An aspect about life in Africa was the clear focus we were free to have on God. The media didn’t infiltrate every aspect of life. My days were filled with cooking, praying, reading scripture, being with people, teaching, and so forth. This was difficult because the culture from which I came is not one that is filled with those things, anymore.

We eat out much of the time, because people finish the day and are “too tired” to cook. Sometimes we even forget to eat breakfast, but instead we drink that cup of coffee to get us moving in the morning. Coffee is a delicacy, but here it is essential. In Malawi, often cooking means that we build fires, especially when the power is out.
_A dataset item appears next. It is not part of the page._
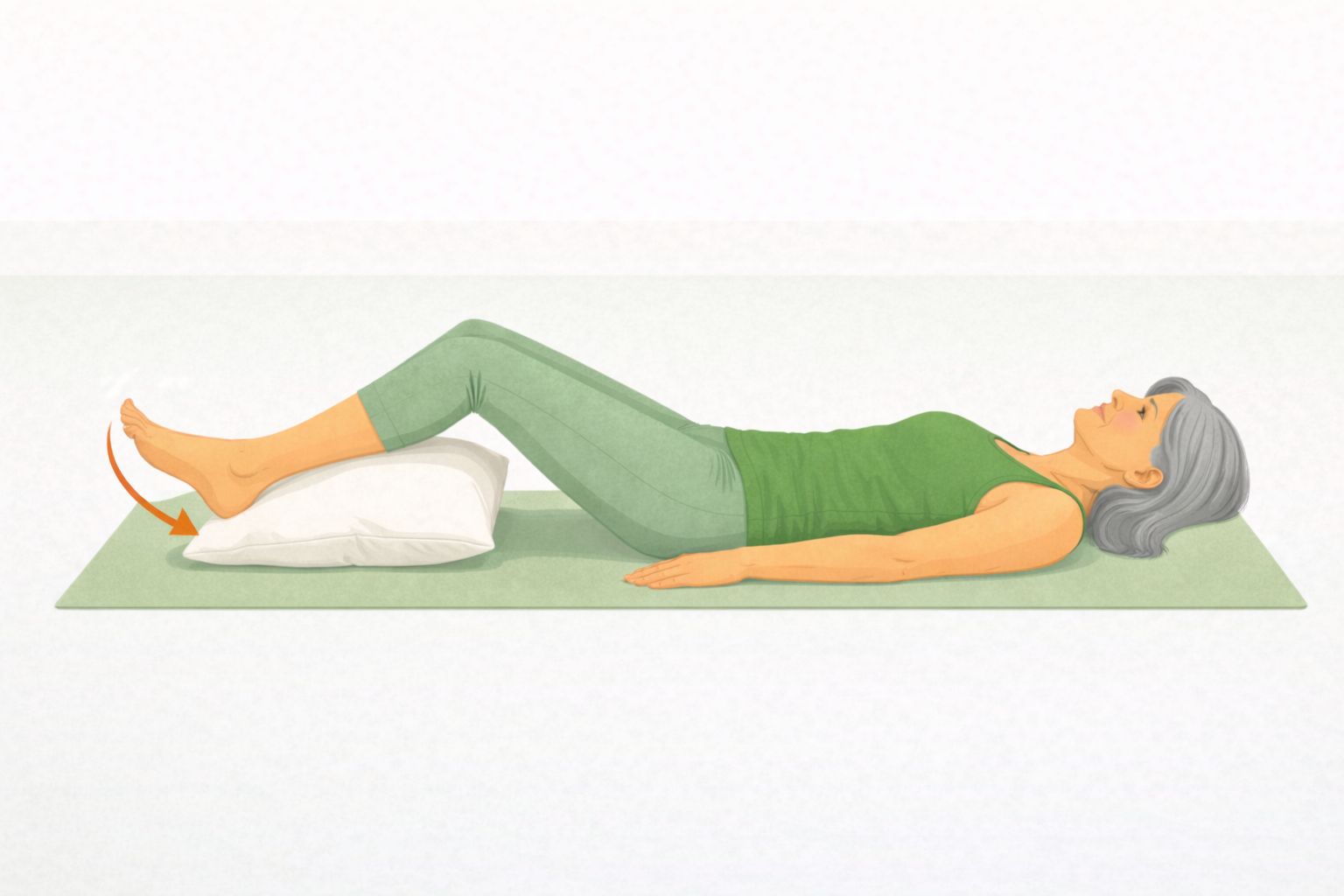 Lie on your back (supine position) with your knee slightly bent and supported by a pillow.

It means cooking ndiwo and then nsima in pots. It means the whole family gathers from their respective places, be it work or school. All eat and rest at the lunch hour. It is not rushed. The fastest cooked food is boiled in a pot for ten minutes.

Prayer is what people do on Sundays or Christmas or Easter, here in America, and because we are so comfortable most of the time, we only pray when life stops going along with us. In Malawi, people pray because God has called us to pray without ceasing. They pray at five o’clock in the morning each day, they wake up in the middle of the night to pray, they pray at every meal, before and after every car journey, at night after dinner they pray. They pray together. Community is how life is in Malawi.

In the hot season there is this time of day about two o’clock when it’s too hot to do anything. One must only sit and be. It is a forced break.

Here there are so many happenings that our eyes are on the doing this or that and I find myself at the end of the day without having prayed or read the bible. Not because I didn’t want to, but only because there were all those things keeping my attention and I went from one thing to the next without stopping in between to be. Praise God that He helps us remember and come back.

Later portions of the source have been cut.